Host resources are not shared across the network and include items such as hard drive /  memory performance and utilization, processor utilization, network interface card statistics, etc.  These performance parameters may not be directly accessed and rely on other methods -- including agents and SNMP -- to collect data.

Agents

Agents are application-specific software that run on the monitored host.  In the Nagios and Icinga systems, the most common are:


  • Nagios Remote Plugin Executor (NRPE)
  • Nagios Service Check Acceptor (NSCA)
Agents are polled by the monitoring server and return data formatted for the Nagios application.  NRPE, as the name implies, performs much of the data processing on the monitored host and returns results that are compatible with the application storage format; this architecture relieves the monitoring server of some of the processing load and distributes it among the monitored hosts.

Simple Network Monitoring Protocol (SNMP)

SNMP is defined by RFC's and provides a publicly-available standard for querying monitored hosts and returning standardized data. 

Configuration Files

Nagios and Icinga are configured with text files.  There are a few differences between the main configuration file and several of the add-on files (e.g. database configuration), but the object configuration and command files are compatible.

Main Configuration File

The /etc/nagios3/nagios.cfg and /etc/icinga/icinga.cfg files define environment, scheduling, logging and performance parameters for the monitoring daemons.

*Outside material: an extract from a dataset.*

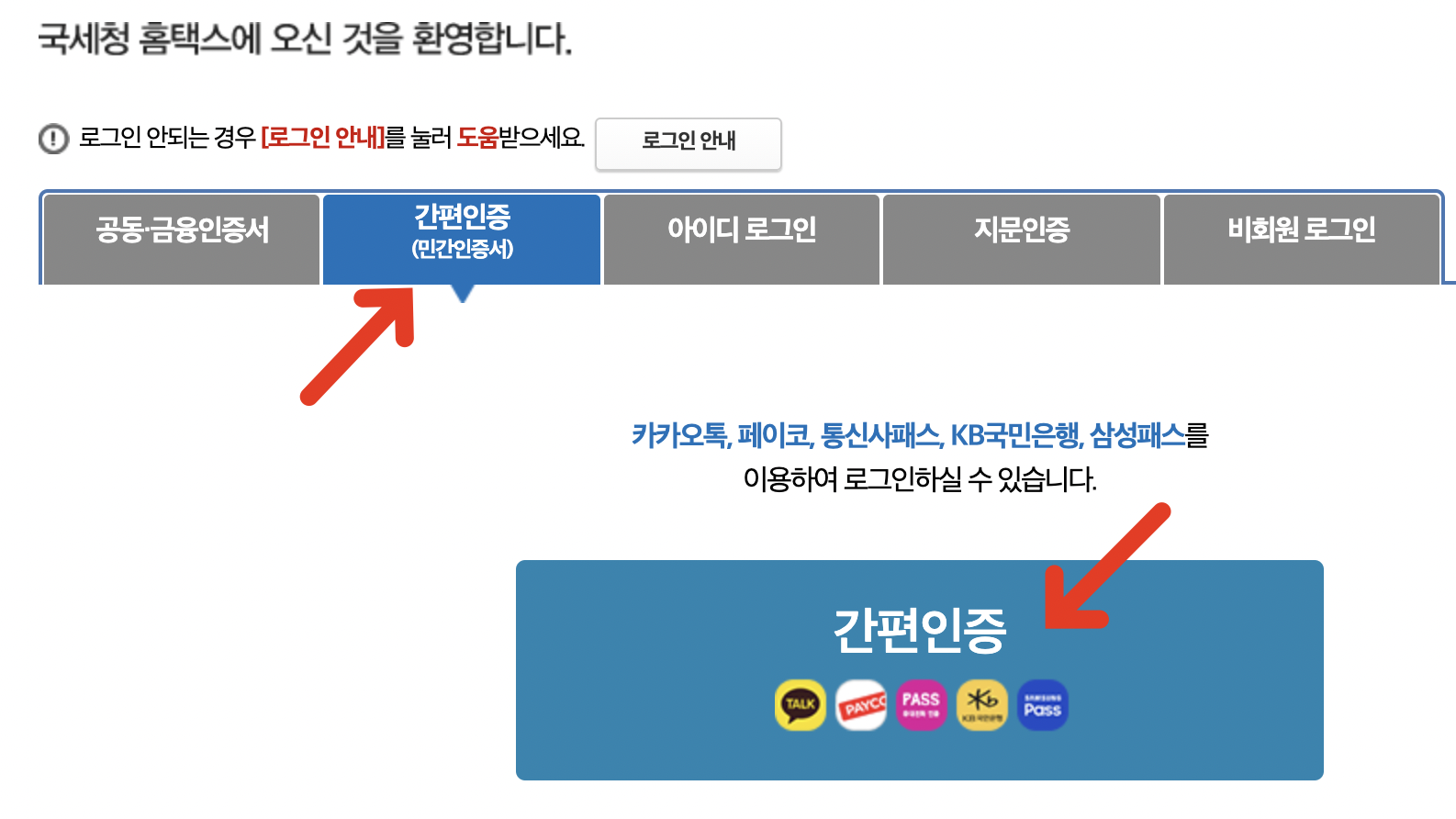 카카오나 PASS와 같은 인증서로 로그인이 가능합니다.

Object Configuration Files

Objects are defined in a series of files in the /etc/nagios3/conf.d and /etc/icinga/objects directories.  Objects may be divided into the following categories:


  • Services
  • Service Groups
  • Hosts
  • Host Groups
  • Contacts
  • Contact Groups
  • Commands
  • Time Periods
  • Notification Escalations
  • Notification and Execution Dependencies

Plugins

Nagios and Icinga do not maintain internal processes to perform service monitoring.  Instead, these actions are performed by plugins, external executable files and scripts (perl, shell, etc.) that perform the host queries.  Nagios and Icinga distributions typically ship with a set of plugins, but many more may be added from external sources, such as the Nagios Exchange.

Host Checks

Host checks only determine if a host is available or not.  The host definitions include parent/child definitions that define host dependencies and reachability logic.  Host checks are performed:
  • At regular intervals in the host definition.
  • On-demand when a host's service state changes.
  • On-demand and controlled/triggered by host reachability logic.
  • On-demand and controlled/triggered by host dependency logic.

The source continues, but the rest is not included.